▶ _Recorded data_
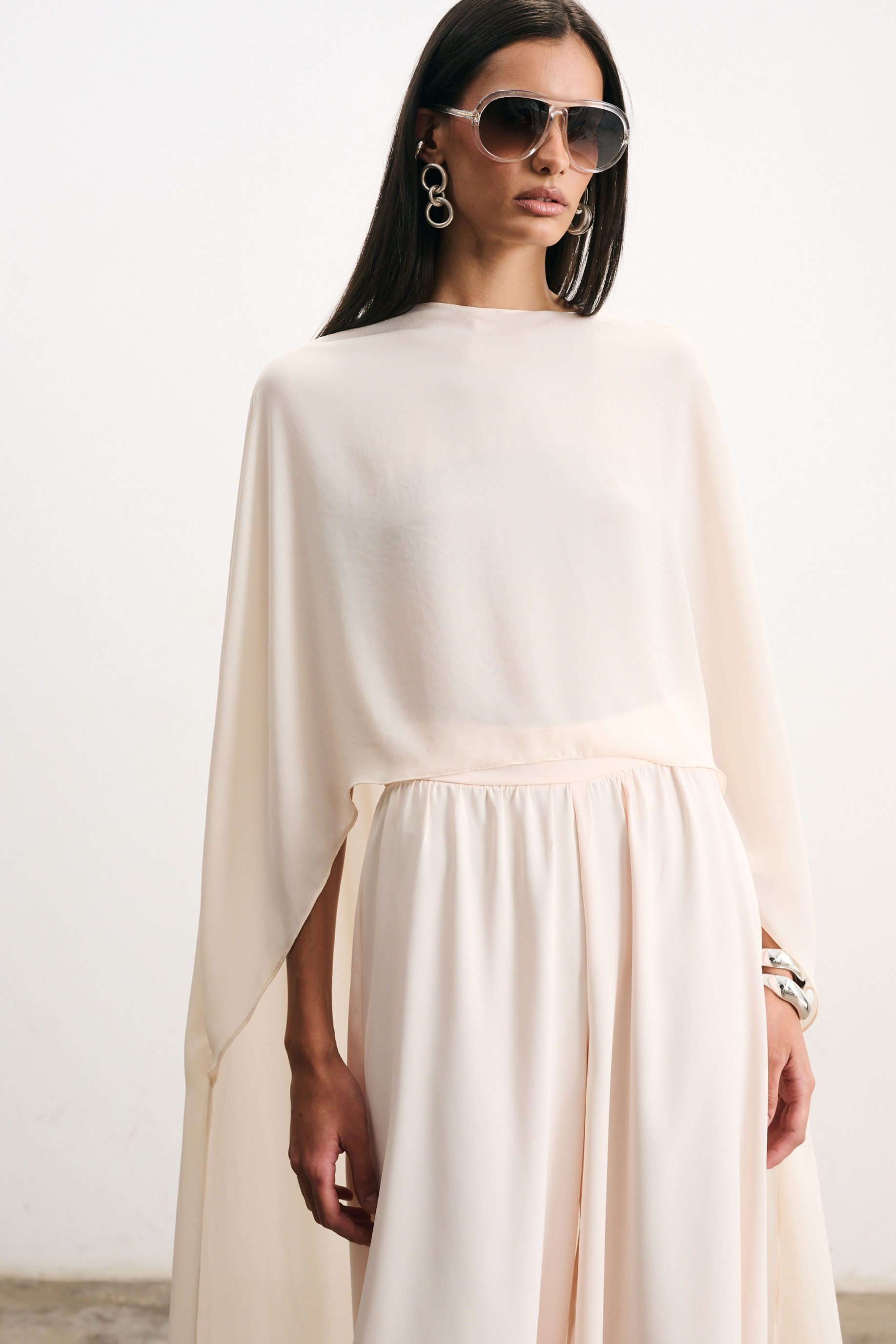 R$428,00 6 x R$71,33Blusa em crepe fino na cor pérola. Modelagem reta e caimento fluido. Possui mangas amplas que se prolongam formando uma capa delicada nas costas, criando movimento e elegância. O decote fechado equilibra a fluidez da peça, resultando em uma silhueta moderna e atemporal.
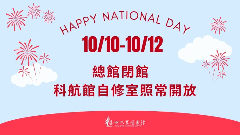 10/10 – 10/12 國慶連續假期開館時間公告(Library Hours : October 10 – 12)
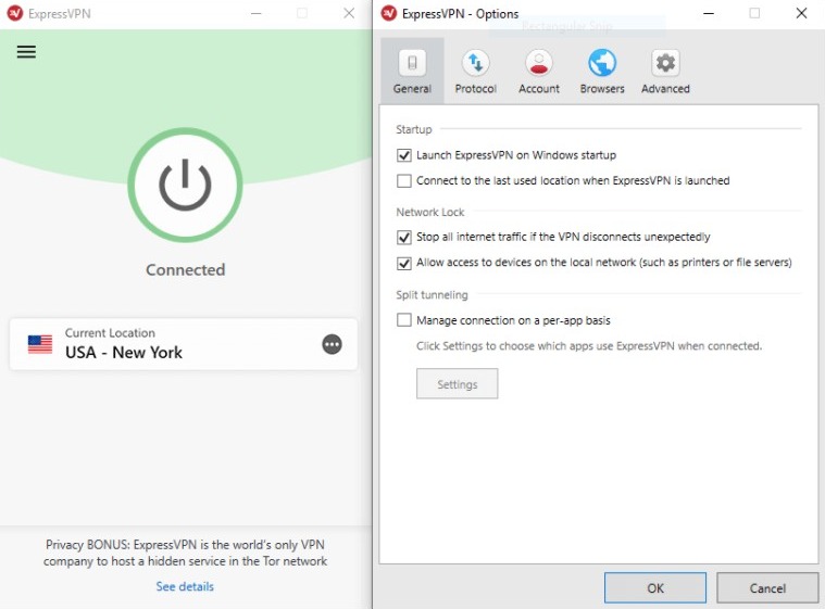 Sometimes because of server error, the real location or IP address of the user gets public. To ensure your data from getting leaked, ExpressVPN provides a network lock feature called Kill Switch. Kill Switch blocks all the external IP striking your connection and saves you from getting caught.
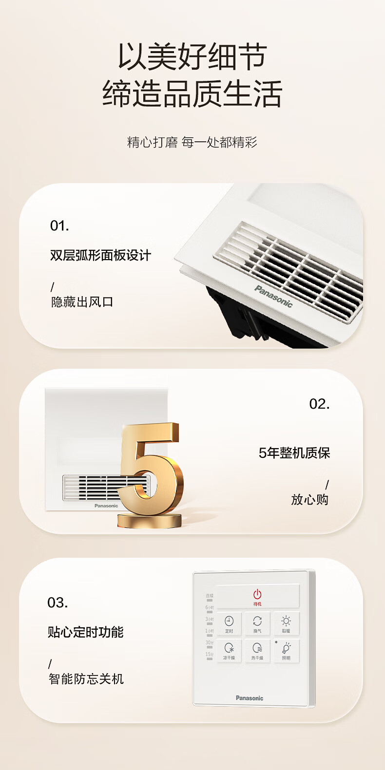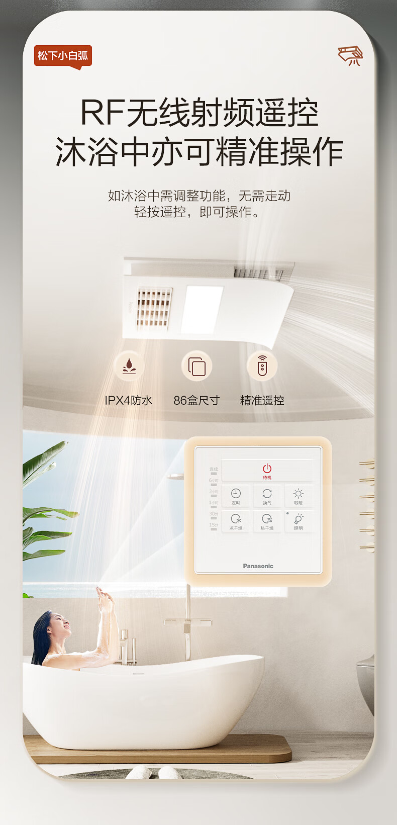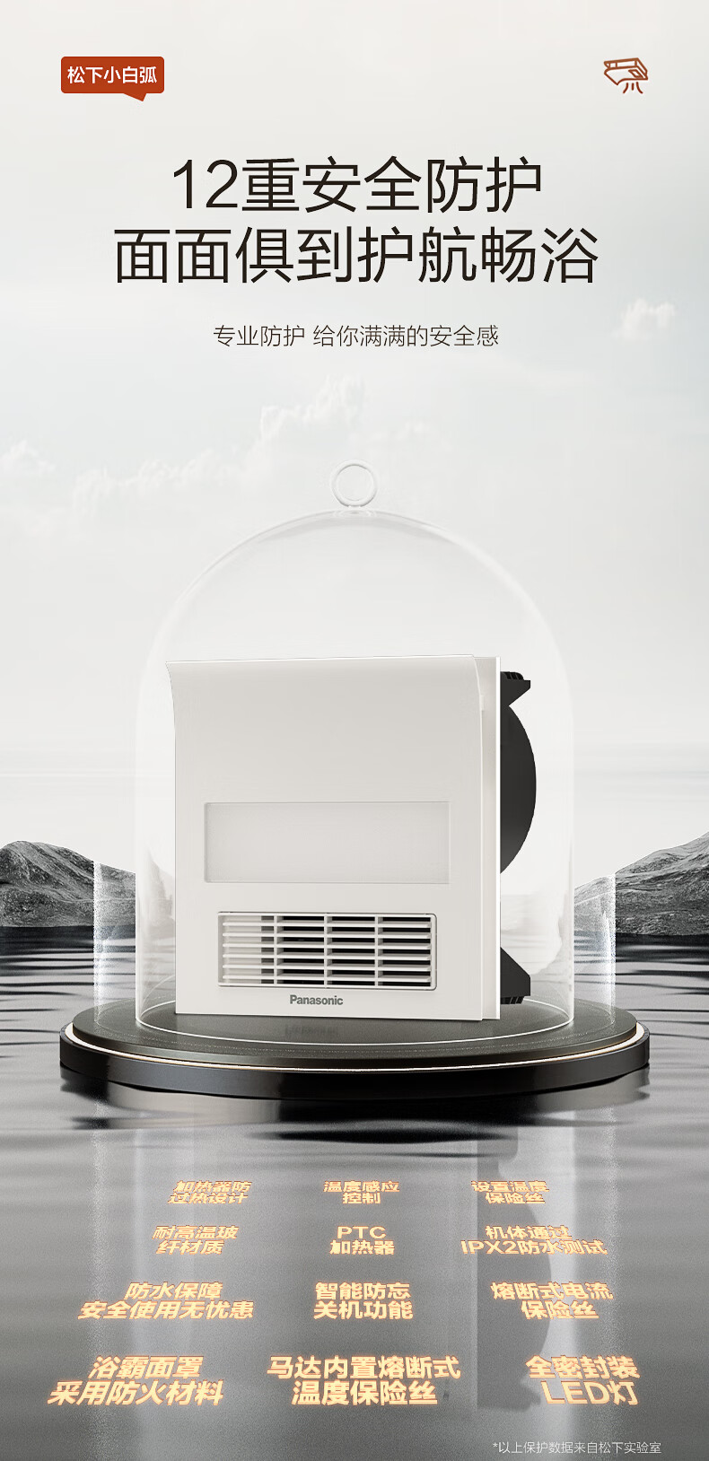 松下(Panasonic)风暖浴霸【国家补贴】吊顶浴室暖风 小白弧照明浴霸 FV-RB20ZL1

▶ _Required action_
Each line from the first line of the material above through the line containing "10/10 – 10/12" is to be reproduced exactly, with both ends kept and pictures left out.

▶ _Your response_
 R$428,00 6 x R$71,33Blusa em crepe fino na cor pérola. Modelagem reta e caimento fluido. Possui mangas amplas que se prolongam formando uma capa delicada nas costas, criando movimento e elegância. O decote fechado equilibra a fluidez da peça, resultando em uma silhueta moderna e atemporal.
 10/10 – 10/12 國慶連續假期開館時間公告(Library Hours : October 10 – 12)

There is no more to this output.